## TASK DETAILS
Give back each entry exactly as written, apart from the pictures.
---
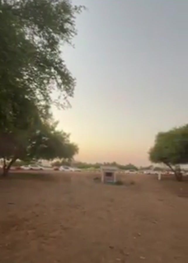 dirt ground area with trees and parked cars under a light sky with a hint of sunset. A gray pole covered in stickers is in the foreground. There is a small, rectangular structure in the distance. The camera pans slightly to the right. The call to prayer can be heard.
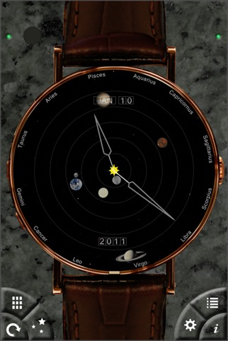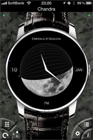 起動すると美しいデザインの腕時計が表示されます。左右にフリックしたり、左下のボタンで裏面を押すことで26種類の時計が現れます。しかも、中には太陽/月/惑星の位置や満ち欠け、出没時刻の情報が表示される時計もあります。タイムサーバーで時刻を合わせる機能も持っています。 [ NTP ]
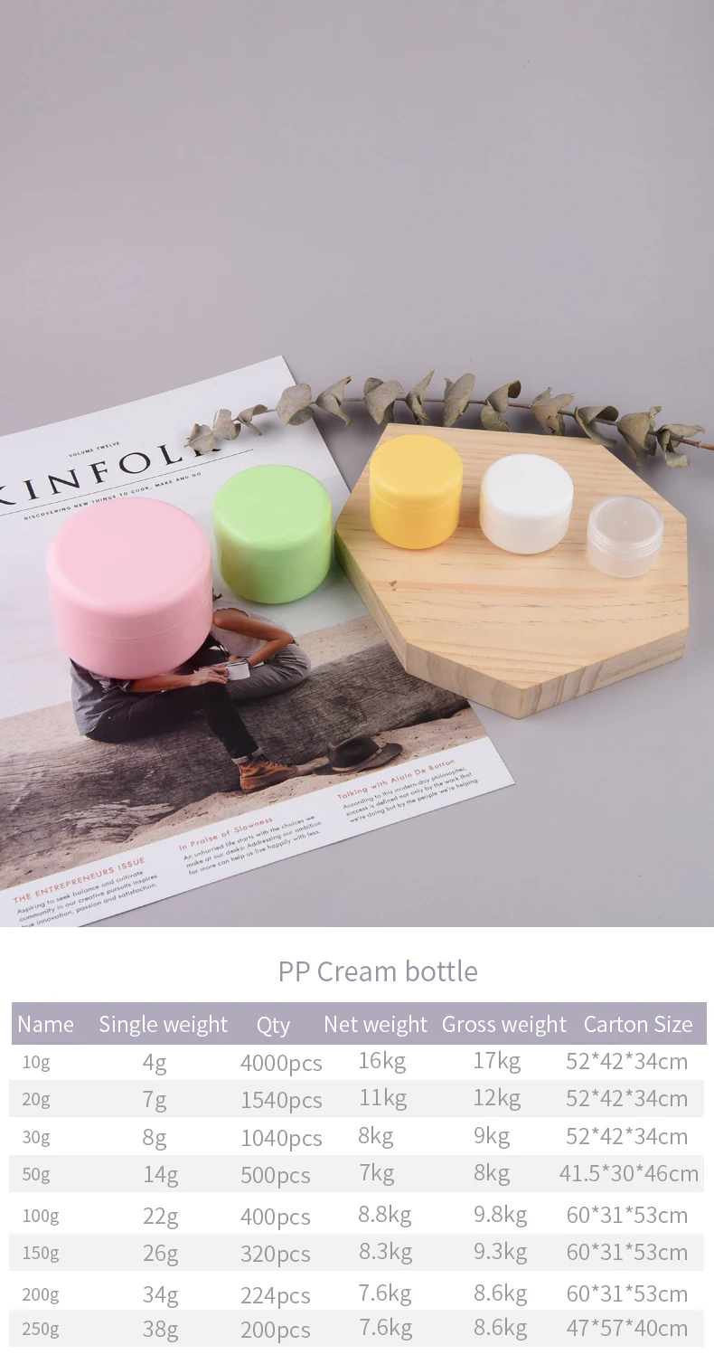 Оптовая продажа 10203050100250g Пластик бутылки многоразового использования Пластик пустой Макияж Jar горшок PP крем, гель для интимной гигиены, косметический контейнер
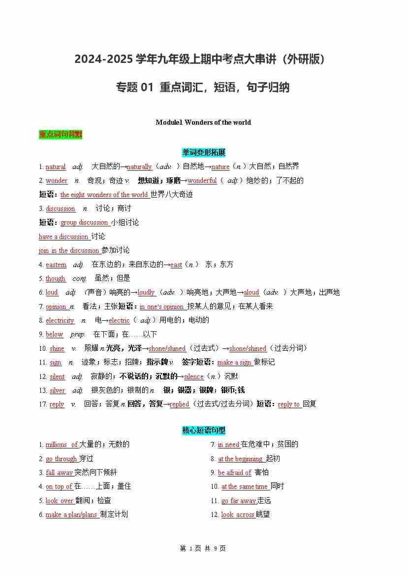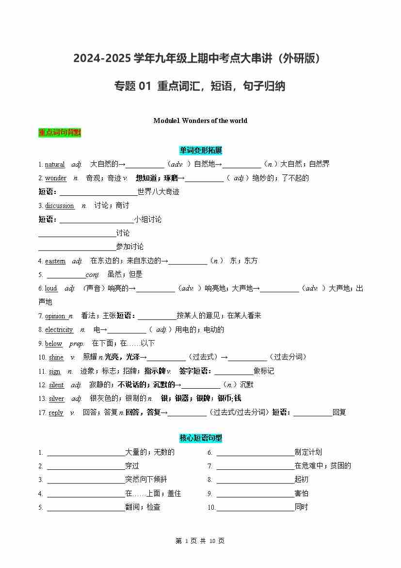 专题01 重点词汇,短语,句子归纳【考点清单】(外研版)(记忆版)
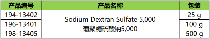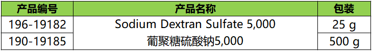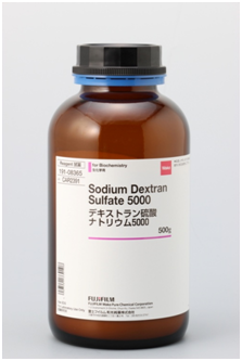 葡聚糖硫酸钠,是一种由葡萄糖聚合,经硫酸化后所得的化合物。本产品的平均分子量约为5,000(分子量范围:1,000-9,000),是聚阴离子物质。在细胞培养中,本品可通过改变细胞表面的电荷,来促使单个细胞悬浮,防止细胞结团,是一种被广泛用于重组蛋白生产的抗结团剂。
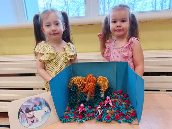 Сбор клюквы—это уникальное сочетание активного отдыха,азартной «охоты» за полезной ягодой и единения с природой.Осенью клюква манит красными «огоньками» на болотах.Это время для прогулок по живописным местам и заготовки богатого витаминами продукта.Сбор клюквы помогает детям узнать больше о природе родного края и полюбить экологически чистые продукты. Сосны:дети красили шишки соединяли их между собой. Березы:дети наматывали нитки для кроны дерева.Педагог соединил нити вместе.С помощью педагога скрутили ствол дерева из ткани и закрепили нитками.Педагог разрезал нитки,чтобы сформировать крону дерева.Дети рисовали на стволе фломастером полоски. Кукла Акань:педагог приготовил основу(замочив верх шишки в воде и скрепив его нитками).Дети скрутили ткань в валик,обернули его на основу и закрепили нитками,одели яркий платок на куклу. Кукла Клюковка:педагог помог сформировать головку при помощи ваты,дети закрепили нитками.Вторую юбку и яркий платок дети формировали и закрепляли. Сборка:педагог сделал фон из бархатной бумаги.Дети закрепили сосны и кукол Акань при помощи пластилина.Педагог закрепил двухсторонний скотч на кукол Клюковок и березы,а дети их размещали на основе.
---
## ANSWER SPACE
 dirt ground area with trees and parked cars under a light sky with a hint of sunset. A gray pole covered in stickers is in the foreground. There is a small, rectangular structure in the distance. The camera pans slightly to the right. The call to prayer can be heard.
 起動すると美しいデザインの腕時計が表示されます。左右にフリックしたり、左下のボタンで裏面を押すことで26種類の時計が現れます。しかも、中には太陽/月/惑星の位置や満ち欠け、出没時刻の情報が表示される時計もあります。タイムサーバーで時刻を合わせる機能も持っています。 [ NTP ]
 Оптовая продажа 10203050100250g Пластик бутылки многоразового использования Пластик пустой Макияж Jar горшок PP крем, гель для интимной гигиены, косметический контейнер
 专题01 重点词汇,短语,句子归纳【考点清单】(外研版)(记忆版)
 葡聚糖硫酸钠,是一种由葡萄糖聚合,经硫酸化后所得的化合物。本产品的平均分子量约为5,000(分子量范围:1,000-9,000),是聚阴离子物质。在细胞培养中,本品可通过改变细胞表面的电荷,来促使单个细胞悬浮,防止细胞结团,是一种被广泛用于重组蛋白生产的抗结团剂。
 Сбор клюквы—это уникальное сочетание активного отдыха,азартной «охоты» за полезной ягодой и единения с природой.Осенью клюква манит красными «огоньками» на болотах.Это время для прогулок по живописным местам и заготовки богатого витаминами продукта.Сбор клюквы помогает детям узнать больше о природе родного края и полюбить экологически чистые продукты. Сосны:дети красили шишки соединяли их между собой. Березы:дети наматывали нитки для кроны дерева.Педагог соединил нити вместе.С помощью педагога скрутили ствол дерева из ткани и закрепили нитками.Педагог разрезал нитки,чтобы сформировать крону дерева.Дети рисовали на стволе фломастером полоски. Кукла Акань:педагог приготовил основу(замочив верх шишки в воде и скрепив его нитками).Дети скрутили ткань в валик,обернули его на основу и закрепили нитками,одели яркий платок на куклу. Кукла Клюковка:педагог помог сформировать головку при помощи ваты,дети закрепили нитками.Вторую юбку и яркий платок дети формировали и закрепляли. Сборка:педагог сделал фон из бархатной бумаги.Дети закрепили сосны и кукол Акань при помощи пластилина.Педагог закрепил двухсторонний скотч на кукол Клюковок и березы,а дети их размещали на основе.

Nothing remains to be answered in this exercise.